- [Exercise aim]: Each entry below should be restated word for word, without any picture it contains.

Records shown START

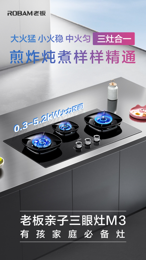有娃家庭人口多烹飪任務重,孩子吃的小分量食物烹飪難度大,且多代同堂對烹飪技法要求高。老板親子三眼灶M3的發(fā)布,讓眾多難題迎刃而解,烹飪變得趣味無窮,廚房生活更輕松。
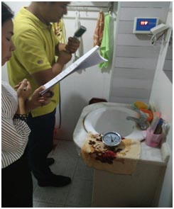 首先,對(duì)問(wèn)題反映較多的16號(hào)樓開(kāi)始,對(duì)室外消火栓進(jìn)行壓力試驗(yàn),水壓顯示完全符合我們對(duì)直供水的要求。隨后我們來(lái)到二樓的一位老奶奶家中進(jìn)行水壓測(cè)試,結(jié)果顯示也有0.26MPa,說(shuō)明該棟樓的壓力符合我們對(duì)普通直供水壓的要求。但是根據(jù)現(xiàn)場(chǎng)居民反映的高峰供水會(huì)出現(xiàn)沒(méi)水情況,我們繼續(xù)排查發(fā)現(xiàn),因?yàn)樾^(qū)建設(shè)初期,小區(qū)自行建設(shè)的直供增壓泵房現(xiàn)在設(shè)施已停止運(yùn)行而且進(jìn)水管徑相對(duì)較小,所以導(dǎo)致高峰用水時(shí)候存在水壓不夠或者沒(méi)水情況。
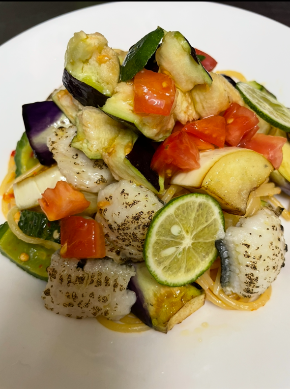 彩り野菜をたっぷり使った「炙り鱧と旬野菜のオイルパスタ」
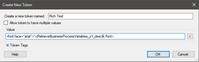 The second piece you mentioned: <font face="arial">Your Rich Text Token Here</font>.
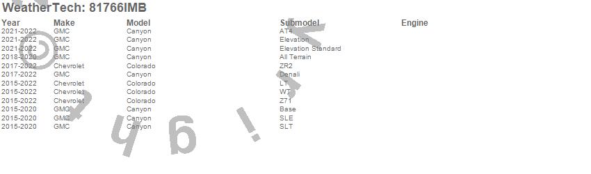 Below is an abbreviated list of applications for the Side Window Deflector.Canyon, Colorado, Chevrolet, GMC, 2022, 2021, 2020, 2019, 2018, 2017, 2016, 2015
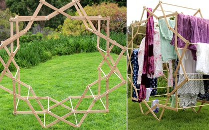 Bạn sẽ ngạc nhiên khi thấy cây phơi đồ có hình dáng chiếc bánh xe lại có thể gấp xếp dễ dàng đấy!
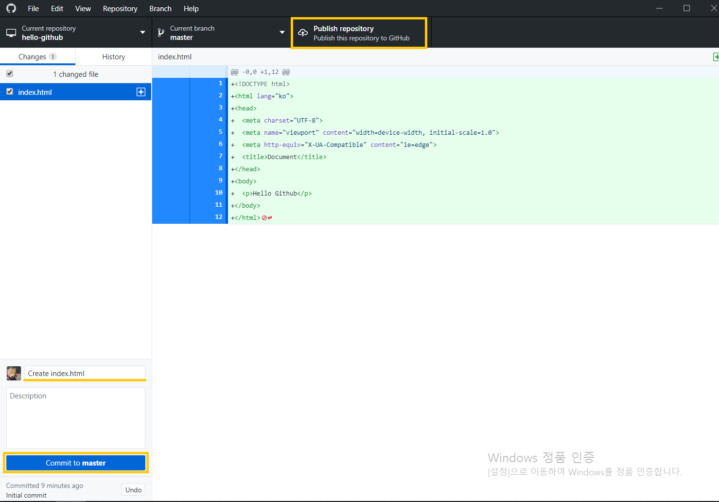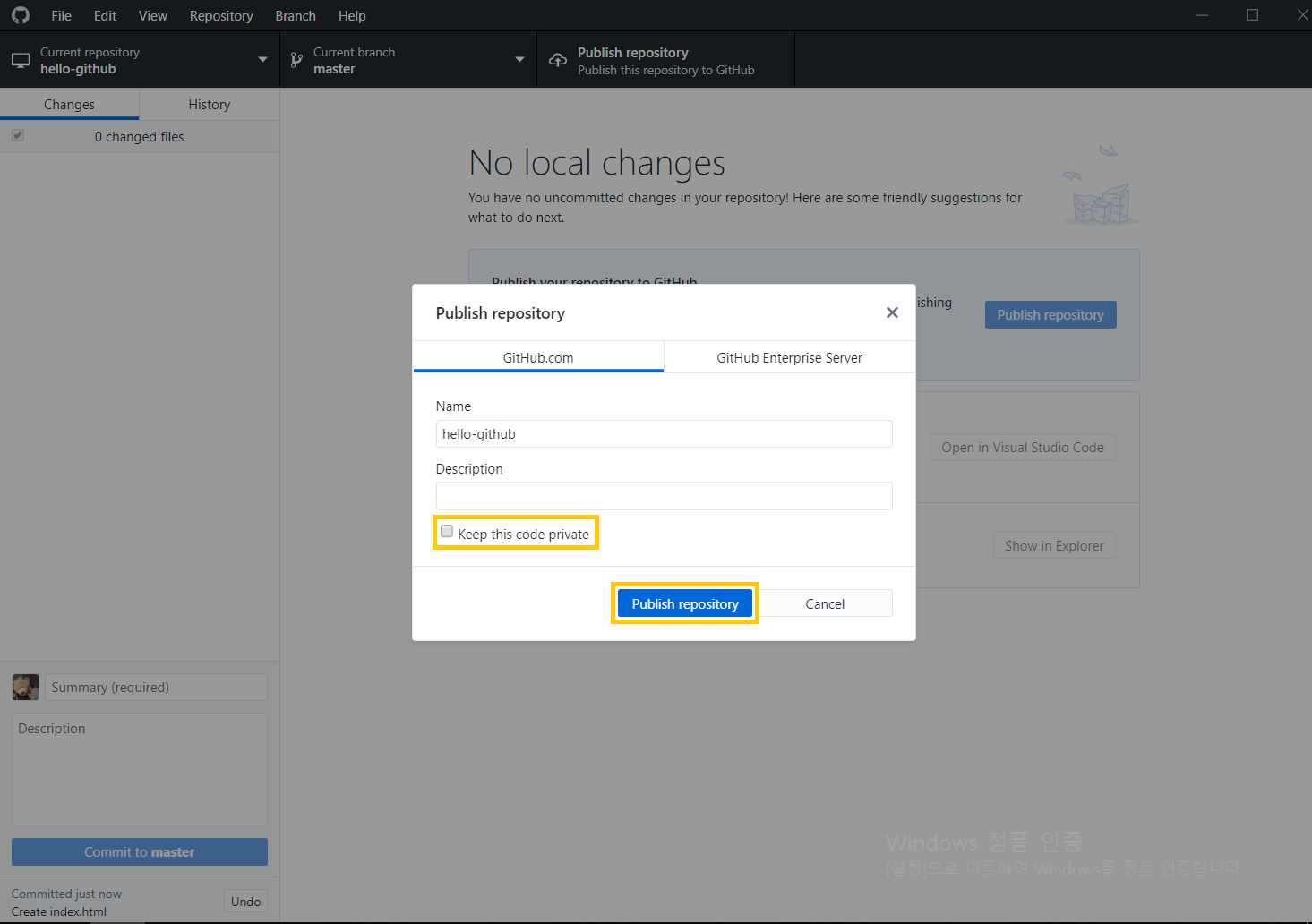 Commit to master를 클릭하신 후에 Publish repository를 클릭해주세요.
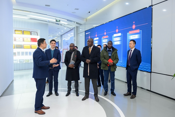 2月24日,肯尼亚驻华大使威利·贝特一行在湖南省中非经贸合作研究会执行秘书长刘闻的陪同下到访圣湘生物长沙总部。

Records shown END

- [Task answer]:
有娃家庭人口多烹飪任務重,孩子吃的小分量食物烹飪難度大,且多代同堂對烹飪技法要求高。老板親子三眼灶M3的發(fā)布,讓眾多難題迎刃而解,烹飪變得趣味無窮,廚房生活更輕松。
 首先,對(duì)問(wèn)題反映較多的16號(hào)樓開(kāi)始,對(duì)室外消火栓進(jìn)行壓力試驗(yàn),水壓顯示完全符合我們對(duì)直供水的要求。隨后我們來(lái)到二樓的一位老奶奶家中進(jìn)行水壓測(cè)試,結(jié)果顯示也有0.26MPa,說(shuō)明該棟樓的壓力符合我們對(duì)普通直供水壓的要求。但是根據(jù)現(xiàn)場(chǎng)居民反映的高峰供水會(huì)出現(xiàn)沒(méi)水情況,我們繼續(xù)排查發(fā)現(xiàn),因?yàn)樾^(qū)建設(shè)初期,小區(qū)自行建設(shè)的直供增壓泵房現(xiàn)在設(shè)施已停止運(yùn)行而且進(jìn)水管徑相對(duì)較小,所以導(dǎo)致高峰用水時(shí)候存在水壓不夠或者沒(méi)水情況。
 彩り野菜をたっぷり使った「炙り鱧と旬野菜のオイルパスタ」
 The second piece you mentioned: <font face="arial">Your Rich Text Token Here</font>.
 Below is an abbreviated list of applications for the Side Window Deflector.Canyon, Colorado, Chevrolet, GMC, 2022, 2021, 2020, 2019, 2018, 2017, 2016, 2015
 Bạn sẽ ngạc nhiên khi thấy cây phơi đồ có hình dáng chiếc bánh xe lại có thể gấp xếp dễ dàng đấy!
 Commit to master를 클릭하신 후에 Publish repository를 클릭해주세요.
 2月24日,肯尼亚驻华大使威利·贝特一行在湖南省中非经贸合作研究会执行秘书长刘闻的陪同下到访圣湘生物长沙总部。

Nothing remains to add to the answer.